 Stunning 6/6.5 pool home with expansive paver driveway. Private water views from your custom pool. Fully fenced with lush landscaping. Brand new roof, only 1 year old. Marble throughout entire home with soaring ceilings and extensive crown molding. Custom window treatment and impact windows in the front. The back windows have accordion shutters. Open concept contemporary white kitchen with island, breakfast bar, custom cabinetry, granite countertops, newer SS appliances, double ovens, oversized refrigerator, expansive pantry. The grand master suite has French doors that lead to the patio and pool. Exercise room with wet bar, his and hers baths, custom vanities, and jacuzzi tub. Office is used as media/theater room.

☆ ☆ ☆

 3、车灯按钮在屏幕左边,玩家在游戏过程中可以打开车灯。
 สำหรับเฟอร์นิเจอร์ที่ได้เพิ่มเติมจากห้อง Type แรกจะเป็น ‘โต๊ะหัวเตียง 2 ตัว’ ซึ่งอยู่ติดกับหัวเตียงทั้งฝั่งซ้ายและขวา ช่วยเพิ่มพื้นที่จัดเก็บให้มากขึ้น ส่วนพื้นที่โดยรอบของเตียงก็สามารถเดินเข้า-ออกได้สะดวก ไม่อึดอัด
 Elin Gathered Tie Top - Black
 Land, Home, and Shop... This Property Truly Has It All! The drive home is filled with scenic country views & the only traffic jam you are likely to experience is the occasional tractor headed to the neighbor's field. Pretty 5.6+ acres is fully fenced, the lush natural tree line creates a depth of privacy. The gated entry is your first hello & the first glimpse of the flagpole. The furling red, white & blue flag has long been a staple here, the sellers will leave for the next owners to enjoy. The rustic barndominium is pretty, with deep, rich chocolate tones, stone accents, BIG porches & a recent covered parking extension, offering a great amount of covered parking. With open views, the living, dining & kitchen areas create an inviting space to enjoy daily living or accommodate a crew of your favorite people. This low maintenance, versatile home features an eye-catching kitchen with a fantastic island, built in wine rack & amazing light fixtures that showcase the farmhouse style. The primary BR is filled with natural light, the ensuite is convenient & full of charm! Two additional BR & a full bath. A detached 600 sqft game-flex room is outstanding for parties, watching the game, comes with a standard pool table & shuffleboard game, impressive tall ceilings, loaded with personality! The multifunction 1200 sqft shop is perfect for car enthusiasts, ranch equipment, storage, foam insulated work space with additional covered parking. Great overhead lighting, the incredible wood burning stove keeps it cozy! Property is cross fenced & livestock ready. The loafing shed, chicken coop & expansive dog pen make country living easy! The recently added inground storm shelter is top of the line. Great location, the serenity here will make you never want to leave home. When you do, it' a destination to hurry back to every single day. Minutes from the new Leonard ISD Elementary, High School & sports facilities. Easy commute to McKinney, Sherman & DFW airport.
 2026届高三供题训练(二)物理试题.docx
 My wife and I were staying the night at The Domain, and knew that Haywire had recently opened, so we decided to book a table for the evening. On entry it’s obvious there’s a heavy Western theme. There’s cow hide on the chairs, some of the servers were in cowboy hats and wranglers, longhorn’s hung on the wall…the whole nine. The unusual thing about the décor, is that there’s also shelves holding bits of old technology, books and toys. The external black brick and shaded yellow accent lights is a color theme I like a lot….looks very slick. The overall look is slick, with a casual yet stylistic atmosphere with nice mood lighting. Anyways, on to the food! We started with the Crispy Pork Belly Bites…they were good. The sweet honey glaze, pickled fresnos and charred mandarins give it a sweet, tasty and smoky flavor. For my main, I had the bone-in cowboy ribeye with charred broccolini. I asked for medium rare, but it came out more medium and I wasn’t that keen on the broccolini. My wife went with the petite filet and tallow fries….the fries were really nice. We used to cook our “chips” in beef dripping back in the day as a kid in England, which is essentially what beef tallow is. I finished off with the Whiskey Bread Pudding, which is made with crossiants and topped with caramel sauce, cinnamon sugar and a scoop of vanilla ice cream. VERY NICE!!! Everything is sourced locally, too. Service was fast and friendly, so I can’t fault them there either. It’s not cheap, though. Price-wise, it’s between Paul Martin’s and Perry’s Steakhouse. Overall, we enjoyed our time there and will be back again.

☆ ☆ ☆

To do:
Retype exactly the span of lines from the one with "สำหรับเฟอร์นิเจอร์ที่ได้เพิ่มเติมจากห้อง Type แรกจะเป็น" through the one with "Elin Gathered Tie Top - Black"; include both ends and omit the rest of the material.

Exercise solution:
 สำหรับเฟอร์นิเจอร์ที่ได้เพิ่มเติมจากห้อง Type แรกจะเป็น ‘โต๊ะหัวเตียง 2 ตัว’ ซึ่งอยู่ติดกับหัวเตียงทั้งฝั่งซ้ายและขวา ช่วยเพิ่มพื้นที่จัดเก็บให้มากขึ้น ส่วนพื้นที่โดยรอบของเตียงก็สามารถเดินเข้า-ออกได้สะดวก ไม่อึดอัด
 Elin Gathered Tie Top - Black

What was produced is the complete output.